Friday, August 10, 2012

Subsistence Meals

This is how I cook.  I take a look in the garden and see what's ready for the day.  Pick it .. bring it inside .. and fashion it into dinner.  Last night I made Garden Potage or 'stoup' (Rachel Ray's term for thinner than stew and thicker than soup:).  Pulling homemade beef stock from the pantry for the base and adding a little left over rice from a two nights ago, dicing a left over hamburger patty into mince, adding green beans, diced sorrel, diced red potato, onions and fresh herbs.  Served over steamed garden cabbage.  Side salad of thinly sliced cucumber splashed with apple cider vinegar, honey and dill, a glass of fresh farm milk and pan toast.  Hubby paid a nice complement and then commented how he would never complain again about being finicky over the food he's served (He is reading a book about a WWII pilot and I think it must go into detail how people were starving during the war).  No recipe from a book and we probably won't have the same exact thing twice.  I figure it cost 35 cents a serving (for the milk and ingredients used for making the bread).  Three people fed a delicious and nutritious meal for $1.05.  We rarely have leftovers and if we do, you can bet they get re-purposed into another delicious meal.

The most remarkable thing about my mother is that for thirty years she served the family nothing but leftovers.
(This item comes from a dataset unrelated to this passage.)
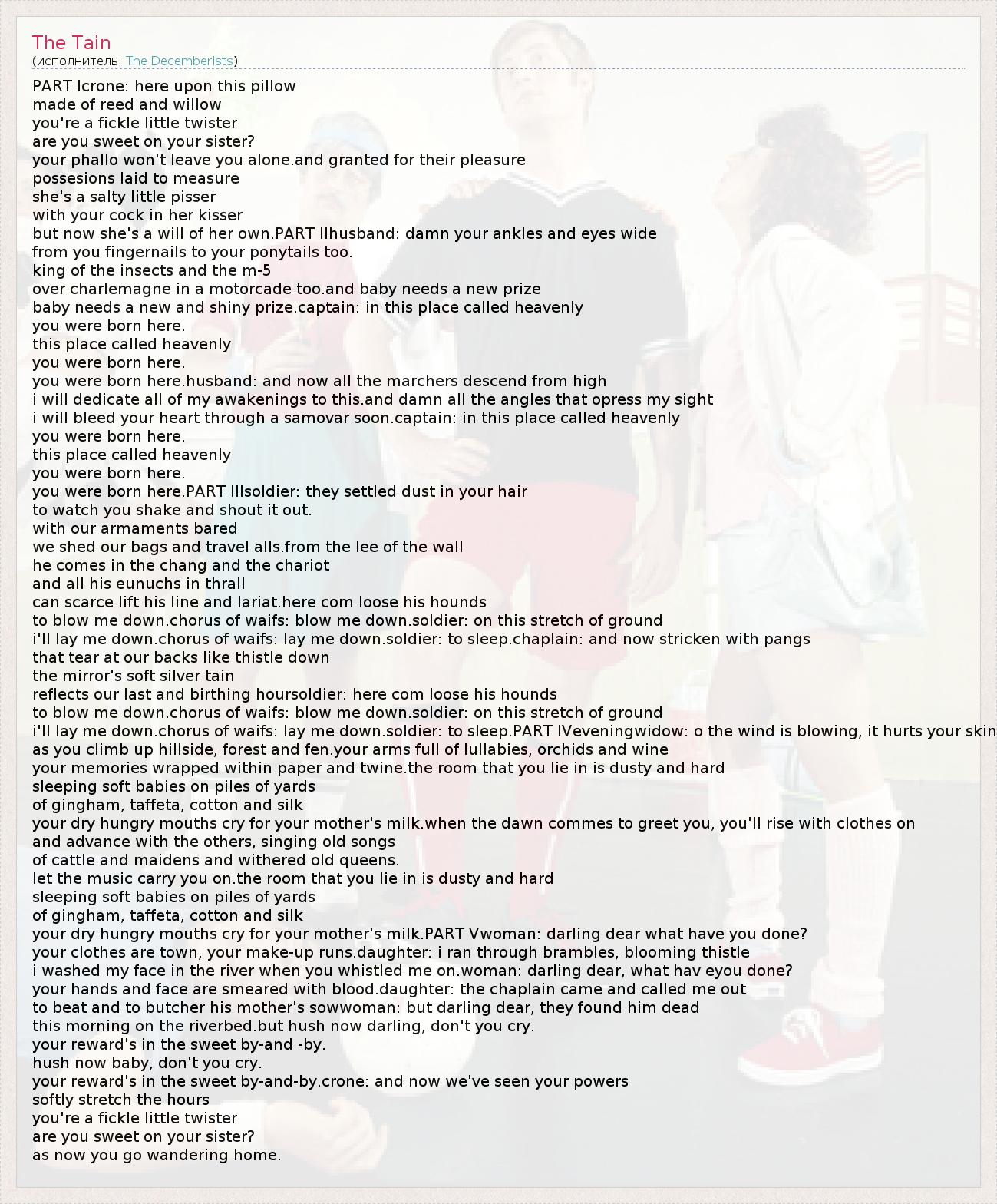 Это интересно:Главный поэт-песенник и лидер группы The Decemberists Колин Мелой (Colin Meloy) родом из славного города Портленда. Когда-то в середине 90-х он еще играл alt-country в захудалой группе Tarkio. Группа, так и не отведав славы распалась, после того, как два их прекрасно сделанных альбома не окупили себя и, можно сказать, провалились. Но ничего, это было только начало.Долгие творческие поиски в итоге вылились в... продолжение

The original meal has never been found.
Calvin Trillin

Thursday, August 09, 2012

My Garden Is For The Birds

There is a pretty amazing cycle going on in the garden.  It's probably been going on for a long time, but I'm just more in turn with it now. Each morning the birds arrive just around dawn to 'clean' up the beds and plants from bugs and slugs.  Mama and daddy quail arrive with their brood and slip through the wire fence.  Dad sits atop a fence post as lookout while mom ushers the babies in and around the 'breakfast table.'  Then they scurry over to the in ground garden for their dust baths and have a treat eating the raspberries that have fallen to the ground.  Next comes the robins and spotted towhees that eat much bigger bugs.
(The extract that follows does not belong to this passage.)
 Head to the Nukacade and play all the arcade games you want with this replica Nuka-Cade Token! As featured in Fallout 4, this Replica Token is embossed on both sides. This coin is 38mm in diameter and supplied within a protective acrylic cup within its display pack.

  The hummingbirds sip nectar from the scarlet runner beans, pollinating them.  When I water, they like to dance in the mist and fly pretty close to say thank you.  My dill is frequented by lady bugs that have kept away the aphids.

 Dragonflies and butterflies are plentiful.  Of course, there are bees and wasps that do most of the heavy pollinating, and from the looks of the tomatoes, have been quite busy.  The 'dance' in the garden is wonderful to watch.

"No occupation is so delightful to me as the culture of the earth, and no culture comparable to that of the garden."-- Thomas Jefferson

Saturday, August 04, 2012

A Pickle By Any Other ...

... Name just wouldn't be the same.  I have fond memories from childhood of eating watermelon rind pickles when visiting the farm tables of family in the mid west while on summer vacation.
Today I ventured back in time and made a batch of sweet watermelon rind pickles ... just in time to enjoy when my folks are in town for a visit.  My Pop will think he's back at his boyhood home as I'm sure his mother made these.  The recipe is from the Ball Blue Book of Preserving.  I cut the recipe in half ... getting 6 half-pints.  Do you have a favorite unusual pickle?